■ **Task to complete**
From the entries below, reproduce exactly the line containing "Роторный ополаскиватель бутылок", the line containing "слой черной икры", and every line in between, with nothing added.

■ **Given entries**
__________________________________________________

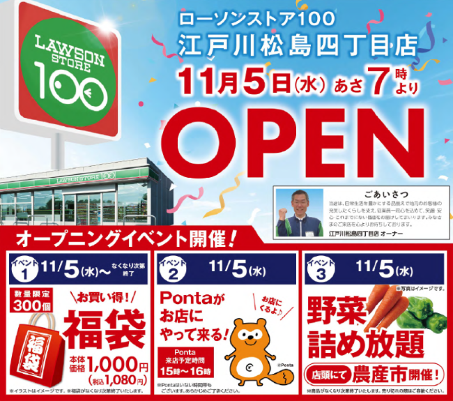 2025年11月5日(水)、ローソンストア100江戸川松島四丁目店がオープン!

__________________________________________________

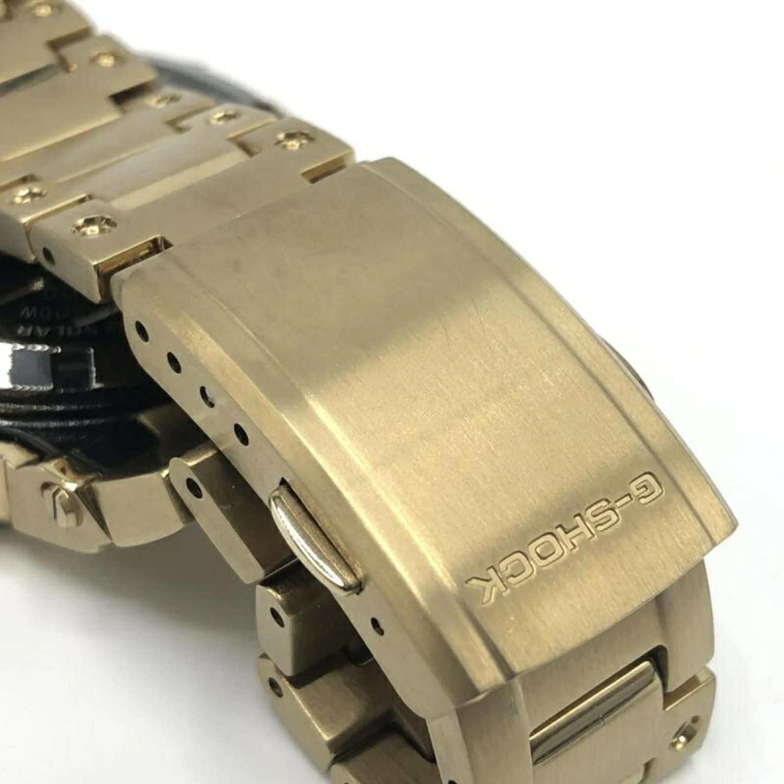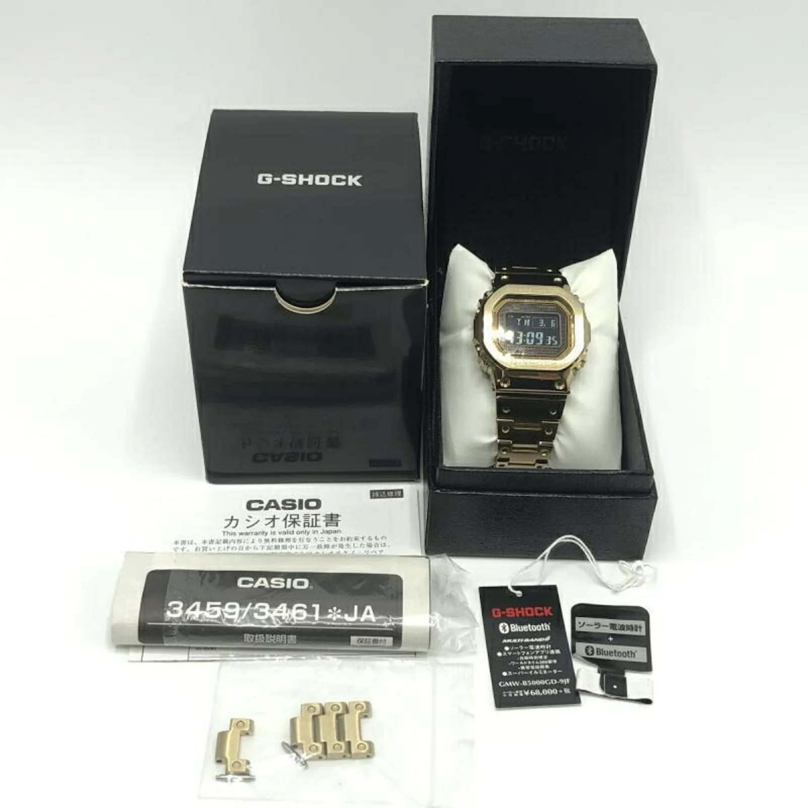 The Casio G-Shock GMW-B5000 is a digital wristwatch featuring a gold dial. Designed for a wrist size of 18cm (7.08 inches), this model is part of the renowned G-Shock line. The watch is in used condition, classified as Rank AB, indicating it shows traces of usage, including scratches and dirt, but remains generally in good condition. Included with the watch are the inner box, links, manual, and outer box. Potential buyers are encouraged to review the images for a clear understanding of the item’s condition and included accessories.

__________________________________________________

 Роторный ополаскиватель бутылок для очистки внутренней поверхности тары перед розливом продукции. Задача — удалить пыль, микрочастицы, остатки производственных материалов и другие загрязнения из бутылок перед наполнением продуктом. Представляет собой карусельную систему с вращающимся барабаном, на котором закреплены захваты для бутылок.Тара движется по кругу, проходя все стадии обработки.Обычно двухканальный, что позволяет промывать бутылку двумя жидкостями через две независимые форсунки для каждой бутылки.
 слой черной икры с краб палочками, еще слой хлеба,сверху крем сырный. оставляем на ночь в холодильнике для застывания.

__________________________________________________

■ **Exercise output**
 Роторный ополаскиватель бутылок для очистки внутренней поверхности тары перед розливом продукции. Задача — удалить пыль, микрочастицы, остатки производственных материалов и другие загрязнения из бутылок перед наполнением продуктом. Представляет собой карусельную систему с вращающимся барабаном, на котором закреплены захваты для бутылок.Тара движется по кругу, проходя все стадии обработки.Обычно двухканальный, что позволяет промывать бутылку двумя жидкостями через две независимые форсунки для каждой бутылки.
 слой черной икры с краб палочками, еще слой хлеба,сверху крем сырный. оставляем на ночь в холодильнике для застывания.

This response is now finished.